Eine Chronologie der Ereignisse:

  • 2010 ist für die katholische Kirche in Deutschland ein Schicksalsjahr. Der sexuelle Missbrauch am Berliner Canisius-Kolleg wird publik und zieht eine Welle von Meldungen über Missbrauchsfälle nach sich.
  • Erzbischof Robert Zollitsch, damals Vorsitzender der Deutschen Bischofskonferenz (DBK, der Zusammenschluss der deutschen Bischöfe), ruft daraufhin einen Gesprächsprozess ins Leben. Zwischen 2011 und 2015 sollen in jährlichen Gesprächsforen Antworten auf drängende Fragen gesucht werden. Das Positive: Kleriker und Nicht-Geweihte, die sogenannten Laien, kommen miteinander ins Gespräch – auch zu lange tabuisierten Themen wie Homosexualität und der Lage von wiederverheirateten Geschiedenen. Auch die Rolle der Frauen und die stärkere Teilhabe von Gläubigen am kirchlichen Leben sind Thema. Das Negative: Es bleibt meist bei Impulsen. Konkret reformiert wird nur das kirchliche Arbeitsrecht.
  • Im September 2018 stellt die DBK die sogenannte MHG-Studie zur Aufarbeitung des sexuellen Missbrauchs in der katholischen Kirche vor. Das Akronym „MHG“ verweist auf die Universitäten in Mannheim, Heidelberg, Gießen, deren Wissenschaftler an der Studie mitgearbeitet haben.

  • Im März 2019 entscheidet sich die DBK auf ihrer Vollversammlung in Lingen für einen „synodalen Weg“. Das Format ist auf zwei Jahre angelegt und wird gemeinsam mit dem Zentralkomitee der deutschen Katholiken (ZdK, die Vertretung der katholischen Laien) bestritten. Drei Foren stehen fest: „Macht, Partizipation, Gewaltenteilung“, „Sexualmoral“ und „Priesterliche Lebensform“. Das ZdK fordert offene Beratungen und verbindliche Beschlüsse. Der Missbrauchsskandal wird nicht in einem eigenen Forum behandelt, hat aber den Anstoß für die Themen gegeben und durchzieht die Foren inhaltlich.

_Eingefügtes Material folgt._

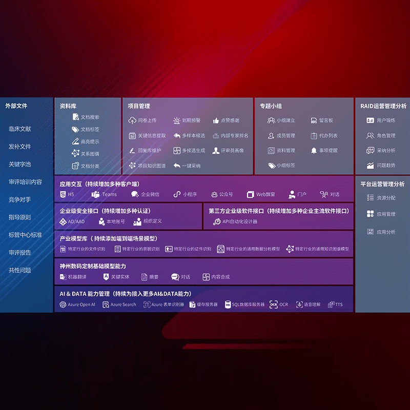 医疗器械产品上市前,,,,要熟悉严格与繁复评审标准,,,,整理分析监管机构指导文件中的海量信息。。。企业急需一个智能化解决方案,,,,提升知识管理效率,,,,提高评审通过率,,,以提升其市场竞争力。。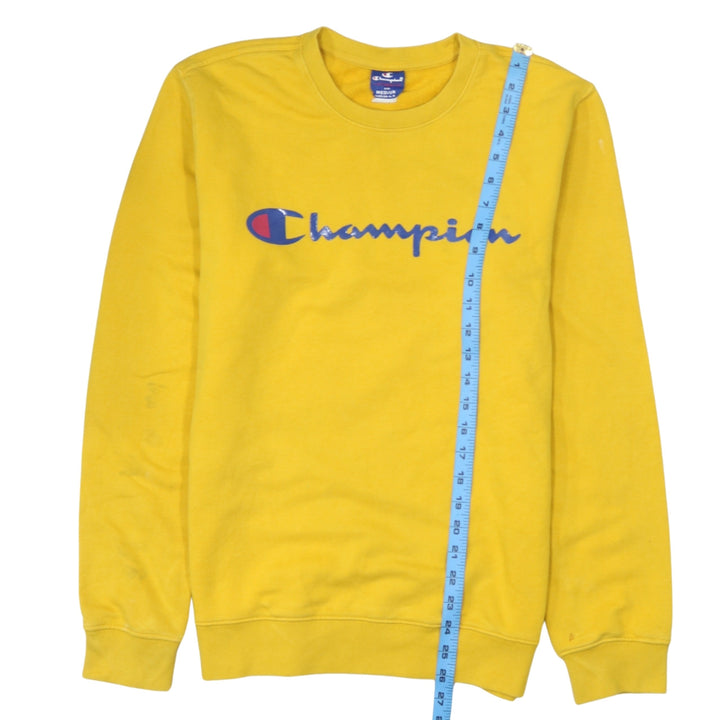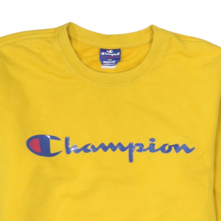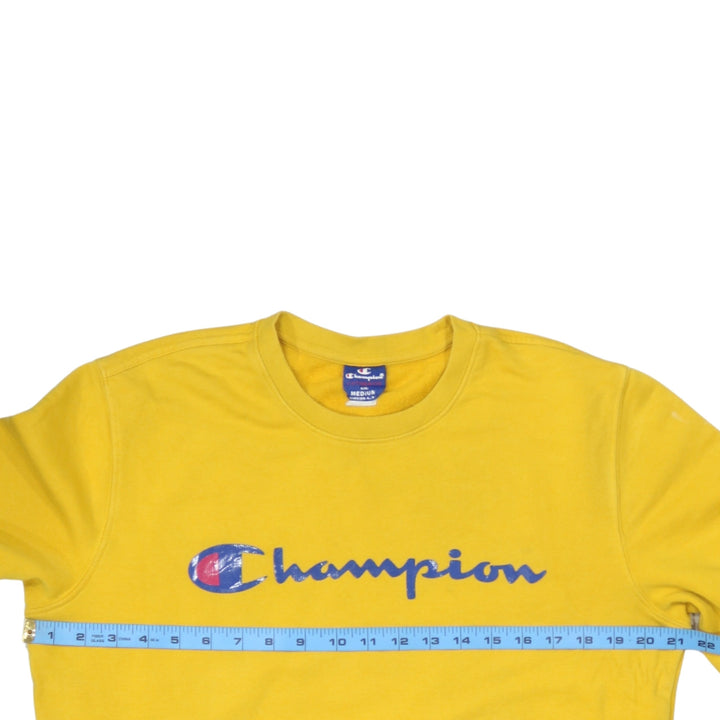 Champion 90's Spellout Crew Neck Sweatshirt Medium Yellow

Im Zusammenhang mit dem synodalen Weg soll auch über mögliche Entschädigungen für Opfer weiter informiert werden.
  • Im Sommer 2019 wird auf Wunsch des ZdK ein viertes Forum hinzugefügt: „Frauen in Diensten und Ämtern in der Kirche“.
  • Am 29. Juni 2019 schreibt Papst Franziskus den Brief An das pilgernde Volk Gottes in Deutschland“.
  • Anfang September 2019 erreicht ein Schreiben aus Rom Kardinal Reinhard Marx als DBK-Vorsitzenden. Kardinal Marc Ouellet von der Kongregation für die Bischöfe mahnt darin die Einheit mit der Weltkirche an. Die Arbeiten am Statut (der Satzung) des synodalen Weges, das den rechtlichen Rahmen festlegt, sind in Deutschland in vollem Gang – die beschlussfassende Synodalversammlung ist zu gleichen Teilen mit Bischöfen und Laien besetzt, der synodale Weg wird von DBK und ZdK gemeinsam verantwortet. Ouellet schickt daher ein Rechtsgutachten des Päpstlichen Rates für die Gesetzestexte mit. Darin werden die Grenzen des synodalen Weges aufgezeigt: Themen, die die Weltkirche betreffen (das sind augenscheinlich fast alle), können nicht von einer Teilkirche in Deutschland entschieden werden, darüber entscheidet der Papst. Bischöfe und Laien können gemeinsam beraten, Entscheidungen aber fällen die Bischöfe.
  • Am 13./14. September tagt die um mehrere Personen erweiterte „Gemeinsame Konferenz“ aus DBK- und ZdK-Mitgliedern in Fulda. Die Arbeiten am Statut und die Vorbereitung der Themenforen gehen weiter.
  • Im Anschluss reist Kardinal Marx Mitte September nach Rom. Dort spricht er auch mit Papst Franziskus und Kardinal Ouellet über den synodalen Weg.
  • Vom 23. bis 26. September beraten die Bischöfe auf der DBK-Vollversammlung in Fulda über den synodalen Weg. Das Statut wird am 25.9. von den Bischöfen angenommen.
  • Das Statut des synodalen Weges wird am 18. Oktober vom Hauptausschuss des ZdK angenommen und danach veröffentlicht. Endgültig soll das Statut am 22. November von der ZdK-Vollversammlung angenommen werden, die Zustimmung gilt als sicher. Am 8. November wird das Logo des synodalen Weges vorgestellt.
  • Am 1. Advent 2019 beginnt der synodale Weg. In den vier Foren kommen Priester, Bischöfe, katholische Laien und Wissenschaftler zusammen. Jedes Forum wird gemeinsam von einem Bischof und einem Nicht-Kleriker geleitet.